The Pessimists Archive podcasts are few and far between. But when they are released, they are a joy to listen to.

The latest one focused on faces. As in the unwarranted fears of how technologies might affect your visage, e.g., smartphone face, tech neck.

The narrator revisited history to uncover what bicycle face and radio face had in common: The use of those then new technologies supposedly caused people’s faces to get wrinkled or stuck in unpleasant ways.

When the rotary telephone gained popularity, it was phone face that caused worry. But phone face was not about the neck crick or longer jowls caused by cradling the phone. It was about not knowing exactly who was calling.

All this was not just about fear-mongering incumbents putting down their competition. In the case of wrinkly faces, cosmetic companies claimed to have remedies for the affected faces.

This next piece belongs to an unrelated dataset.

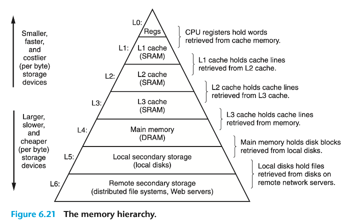 이 두 특성이 서로 보완적으로 작용하여, 현대 시스템은 메모리 계층구조(memory hierarchy)라는 방식을 통해 메모리를 구성한다. 메모리 계층 구조는 빠르고 작은 저장장치가 느리고 큰 저장장치를 캐시(cache)하는 구조로 되어 있다.

Whatever the reason for the putdowns, generating fear of the new was the goal. The narrator had a response at around the 34-minute mark of the podcast:

New, uncontrollable things don’t wholesale replace old, controllable things. Instead new technologies integrate into an existing and ever-growing ecosystem. They create more options and therefore even more control.

Technology laggards need to be made aware of this. Technology evangelists could focus on such a message instead. Even if the laggards do not adopt the newer technologies, they might step out of the way for others to try. We all need to face our fears by replacing unquestioned ignorance with critically negotiated knowledge.

What could be cuter than a teddy bear? Not much.

Yet there was an anti-teddy bear movement. The most recent Pessimists Archive podcast provides all the details.

In hindsight, such a fear seems unreasonable and even impossible. But back then, it was fuelled by irrational fear and the need to maintain the status quo.

There is still much fear of educational technologies current, cutting edge, and future. The fears are based on the same unwillingness to see possibilities, mitigate risks, and embrace change.

So while edtech evangelists might feel the burden to be unbearable now, this too shall pass. I say we grin and bear with it.

Just as soon as the harried assessment phase of the semester of one institution was over, I had to contend with the administrative and preparatory work with another institution.

So occupied was I that I left this little gem languishing as a draft in my Notes app — the “evils” of the telegraph.

The tweet, newspaper clipping, and podcast comes courtesy of the Pessimists Archive.

In the 1800s, the telegraph was a new technology and along with it came fear, mistrust, and disinformation. Back then, people wondered about:

  • Speed vs truth
  • Ease vs security
  • Convenience vs privacy

Today, people wonder the same about social media. The more things change, the more they remain the same. This happens because we do not learn from critical analyses of history.